Here are the calculcations from Trend Engeering. They have used a calculation of 70 VMs but state “Even if you are not planning on running as many VM’s it is still suggested to set the value to 512mb. “
We use 432 bytes per TCP connection so for the mathematical calculation lets roundup to 512 bytes per TCP allocation.
If using the default values for the Maximum TCP Connections. <SystemSetting name=”maxConnectionsTcp” value=”10000″ />
With this 512 bytes * 10000 connection = 5MB per VM so we need to have 70*5MB = 350MB minimum memory for the visor memory for the connection tables only.
In addition to this we will need ~ 70 MB to run the FD so it comes down to 420 MB.
We recommend bumping to 512MB and verify the results. e.g. esxcfg-module -s DSAFILTER_HEAP_MAX_SIZE=536870912 dvfilter-dsa
To verify the setting, execute: % esxcfg-module -g dvfilter-dsa The setting will not take effect until the driver is reloaded.
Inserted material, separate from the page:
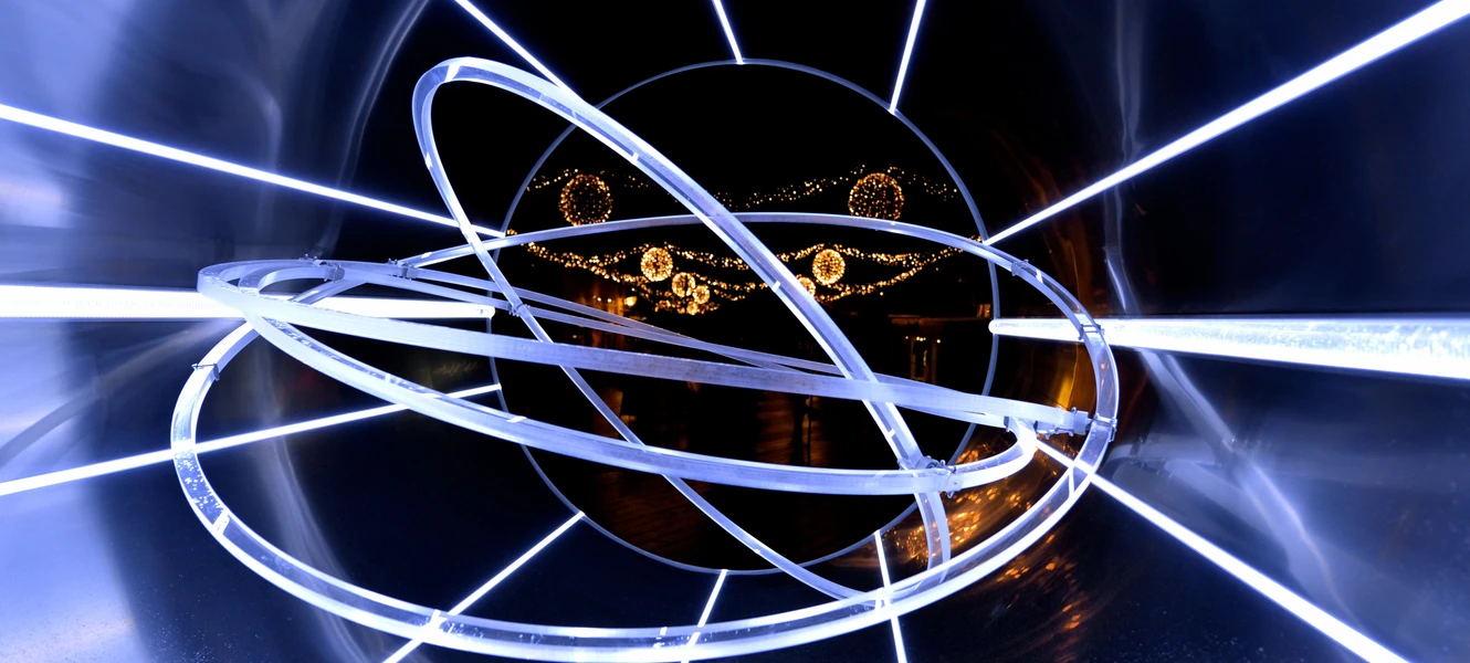 Four futuristic rings made from polished steel pipes that will hypnotise you with their fluorescent lights. Kolding School of Design exhibits the container installation Ciclo at this year's Kolding Light Festival from 11-13 December.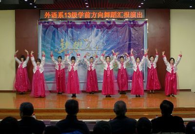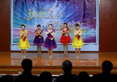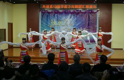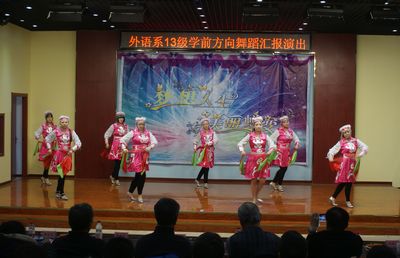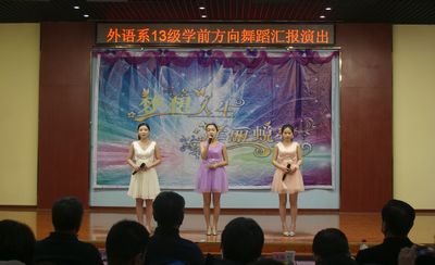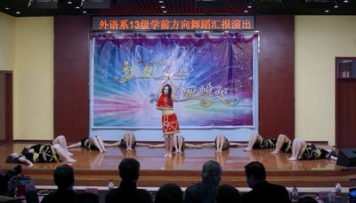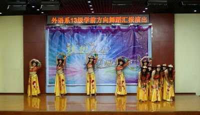 1月6日上午3号教学楼学生活动中心人头攒动,热闹非凡。外语系2013级学前方向舞蹈汇报演出在此精彩上演。学院党委副书记尤锡良、常务副院长关仲和、学院党委副书记、副院长翟天利以及副院长杨永安,还有各系、处室的领导老师和部分学生家长到场观看了演出。此外,2014级学前方向的学生们也到场进行观摩,为明年汇演做准备。

Reloading will either require a reboot (best option) of ESX.
If you are running DS 8 and ESXi 5.0 and you have already implemented the MOD_TIMER=0 fix, the next step will be to manually set the MAX_HEAP_SIZE to 512MB.
This solved the issue for me and we haven’t had a single crash since.
About frikking time!
Michael Gioia from Trend contacted me to give me a more detailed analysis of why this issue occurs.
First of all there is Trend KB article out for this issue — http://esupport.trendmicro.com/solution/en-us/1060125.aspx
It sounds like there are a few unhappy customers out there. In Trend’s defence and the point put across by Michael, is that it is very difficult to ensure 100% compatibility with two products that are integrated in the kernel such as the ESXi hypervisor and the Trend filter.
This anomaly is only supposed to occur in very rare circumstances when the filter driver is under sever exhaustion of memory (circa 4 bytes).
In theory this issue shouldn’t occur with many customers then, but to be honest my setup was not anything special or extreme, so I’d be surprised if more customers weren’t affected by this.
On the plus side, the developers should have released a fix in 7.5 SP4 and 8.0 SP1 which are both available now.
I still have to verify this – until I am confident the issue is resolved my HEAP_MAX_SIZE settings will remain!